Data for the task:
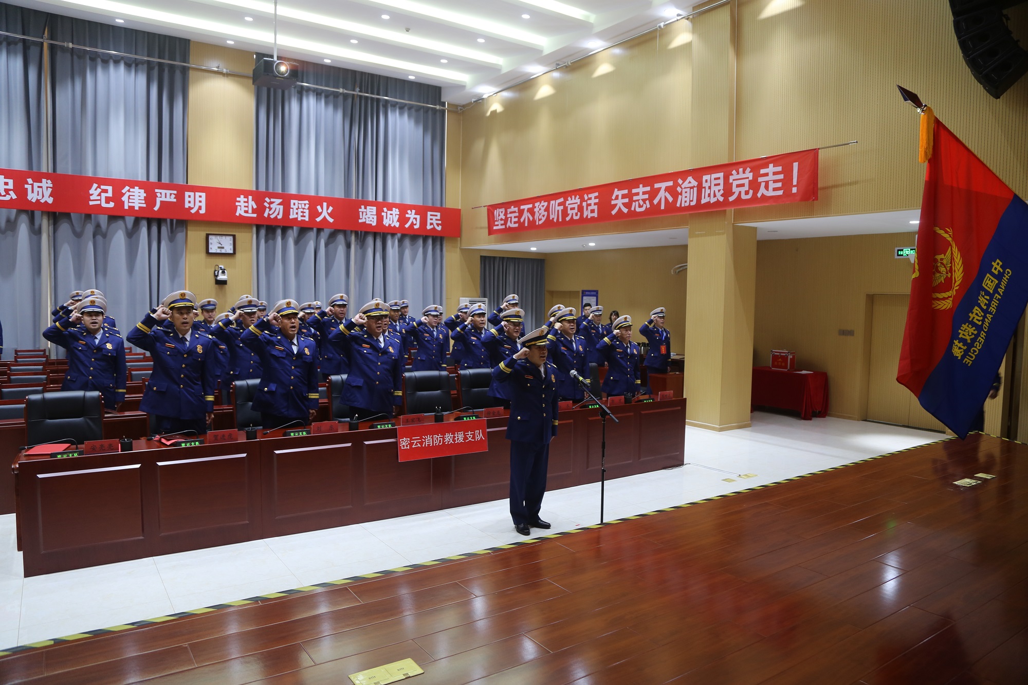 為深化黨史學(xué)習(xí)教育,教育引導(dǎo)全體消防指戰(zhàn)員不忘初心、砥礪前行,11月5日,在習(xí)近平總書記為國家綜合性消防救援隊伍授旗致訓(xùn)詞三周年之際,密云區(qū)消防救援支隊開展“牢記訓(xùn)詞精神、擔(dān)當(dāng)神圣使命、開創(chuàng)事業(yè)新局”主題黨日活動,支隊機(jī)關(guān)全體消防指戰(zhàn)員、基層隊站消防指戰(zhàn)員代表參加活動。
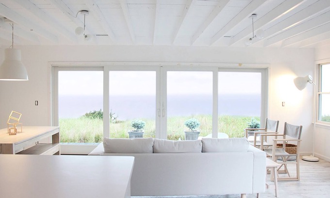 Newly renovated, The Beach Cottage has been designed and decorated in a modern organic style, with a palette of whites and neutrals to create a serene and peaceful escape. Relax in the airy, light and open living room, which features a wall of glass for indoor/outdoor living with expansive, uninterrupted water views.
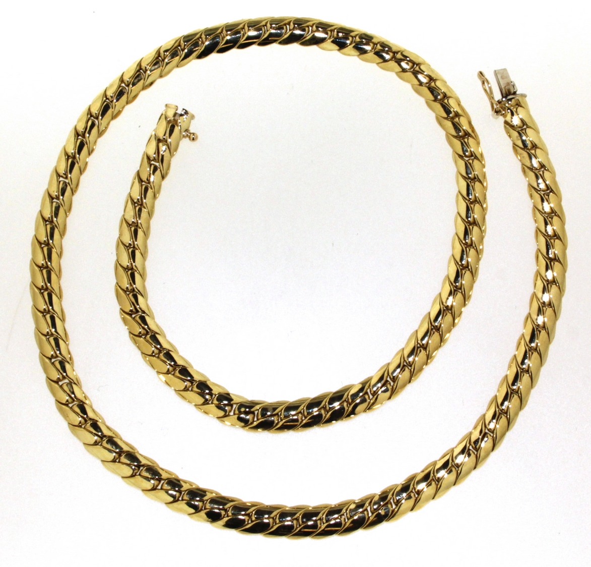 Collier OR 750 jaune maille Gourmette demi bombée largeur 5.5mm longueur: 42cm.
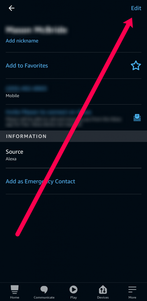 Tap on the contact you’d like to remove. Then, tap ‘Edit’ in the upper right-hand corner.
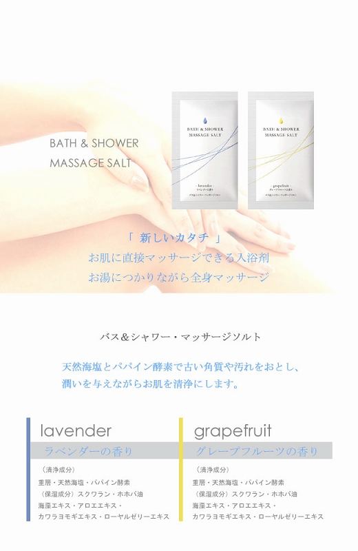 シャワーだけでもOK!直接マッサージできる入浴剤が登場!お肌をなめらかにひきしめる全身美容マッサージソルト(1回分)。
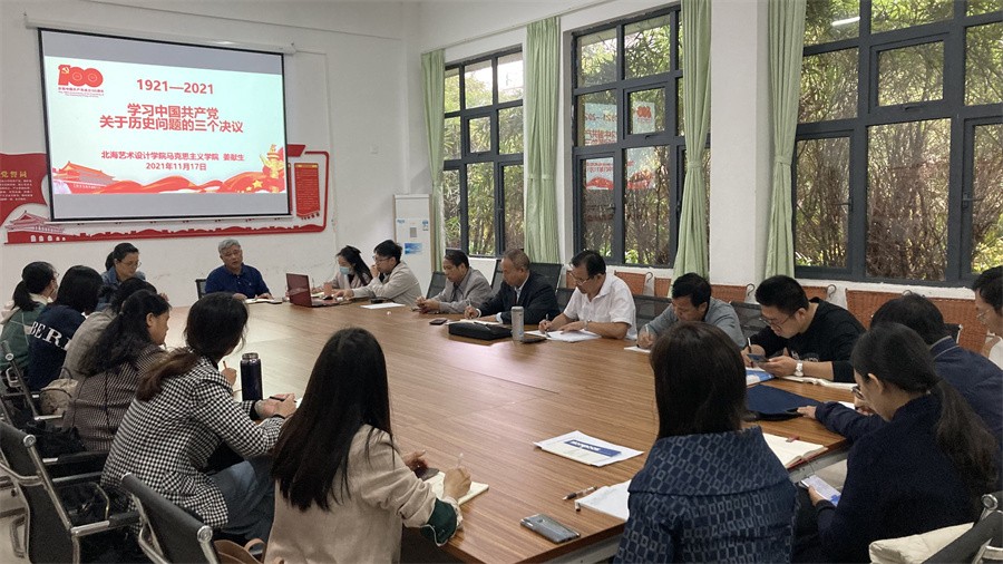 2021年11月17日,马克思主义学院全体教师在行政楼111室集中学习11月11日中共十九届六中全会通过的《中共中央关于党的百年奋斗重大成就和历史经验的决议》。学习会议由马克思主义学院院长姜献生组织。
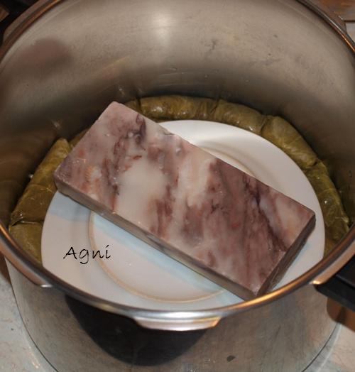Miután minden töltelék a fazékban pihen, leöntöm a citromlével, a maradék olívaolajjal, majd egy tányért helyezek az egészre, amire mindig egy nehezéket is szoktam tenni (a képen lévő túl nagy, de én ezt használom:))
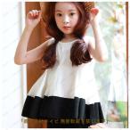 チュニックブラウス ノースリーブブラウス Aラインタンクトップ トップス 夏 子供服 女の子 女児 キッズ 小学生 白 黒 バイカラー モノトーン フ
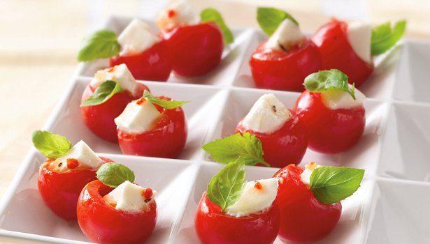 1- قومى بقطع الجزء الأعلى من الطماطم 2- قوريها وإنزعى البذور من الداخل 3- ضعى مربع الجبن الموتزوريلا داخل كل خبة طماطم 4- ضعيها بالفرن لمدة 5 دقائق 5- زينيها بأوراق الريحان الطازجة...
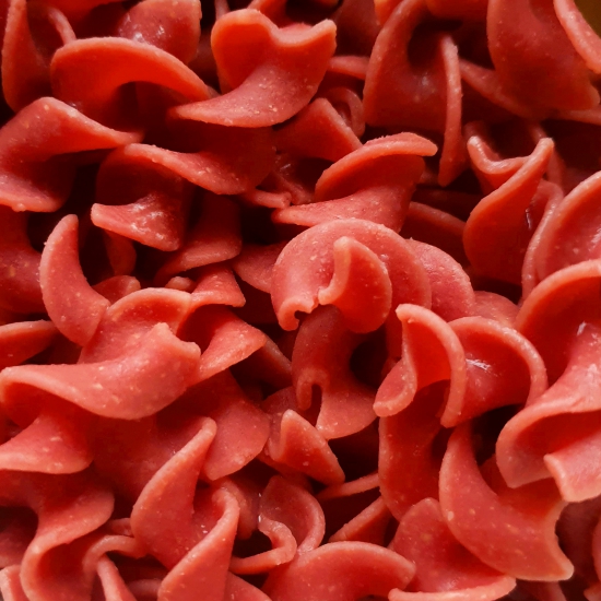 Nudeln aus Kichererbsenmehl und rote Beete Pulver. Vegan und glutenfrei. Sie sind mit doppelt so viel Eiweiß wie herkömmliche Nudeln und langkettigen Kohlenhydraten - die sättigen, die Verdauung ankurbeln und den Blutzuckerspiegel konstant halten - ideal für Sportler.

To do: Please output all the records above exactly, leaving out every picture.

Written answer:
 為深化黨史學(xué)習(xí)教育,教育引導(dǎo)全體消防指戰(zhàn)員不忘初心、砥礪前行,11月5日,在習(xí)近平總書記為國家綜合性消防救援隊伍授旗致訓(xùn)詞三周年之際,密云區(qū)消防救援支隊開展“牢記訓(xùn)詞精神、擔(dān)當(dāng)神圣使命、開創(chuàng)事業(yè)新局”主題黨日活動,支隊機(jī)關(guān)全體消防指戰(zhàn)員、基層隊站消防指戰(zhàn)員代表參加活動。
 Newly renovated, The Beach Cottage has been designed and decorated in a modern organic style, with a palette of whites and neutrals to create a serene and peaceful escape. Relax in the airy, light and open living room, which features a wall of glass for indoor/outdoor living with expansive, uninterrupted water views.
 Collier OR 750 jaune maille Gourmette demi bombée largeur 5.5mm longueur: 42cm.
 Tap on the contact you’d like to remove. Then, tap ‘Edit’ in the upper right-hand corner.
 シャワーだけでもOK!直接マッサージできる入浴剤が登場!お肌をなめらかにひきしめる全身美容マッサージソルト(1回分)。
 2021年11月17日,马克思主义学院全体教师在行政楼111室集中学习11月11日中共十九届六中全会通过的《中共中央关于党的百年奋斗重大成就和历史经验的决议》。学习会议由马克思主义学院院长姜献生组织。
Miután minden töltelék a fazékban pihen, leöntöm a citromlével, a maradék olívaolajjal, majd egy tányért helyezek az egészre, amire mindig egy nehezéket is szoktam tenni (a képen lévő túl nagy, de én ezt használom:))
 チュニックブラウス ノースリーブブラウス Aラインタンクトップ トップス 夏 子供服 女の子 女児 キッズ 小学生 白 黒 バイカラー モノトーン フ
 1- قومى بقطع الجزء الأعلى من الطماطم 2- قوريها وإنزعى البذور من الداخل 3- ضعى مربع الجبن الموتزوريلا داخل كل خبة طماطم 4- ضعيها بالفرن لمدة 5 دقائق 5- زينيها بأوراق الريحان الطازجة...
 Nudeln aus Kichererbsenmehl und rote Beete Pulver. Vegan und glutenfrei. Sie sind mit doppelt so viel Eiweiß wie herkömmliche Nudeln und langkettigen Kohlenhydraten - die sättigen, die Verdauung ankurbeln und den Blutzuckerspiegel konstant halten - ideal für Sportler.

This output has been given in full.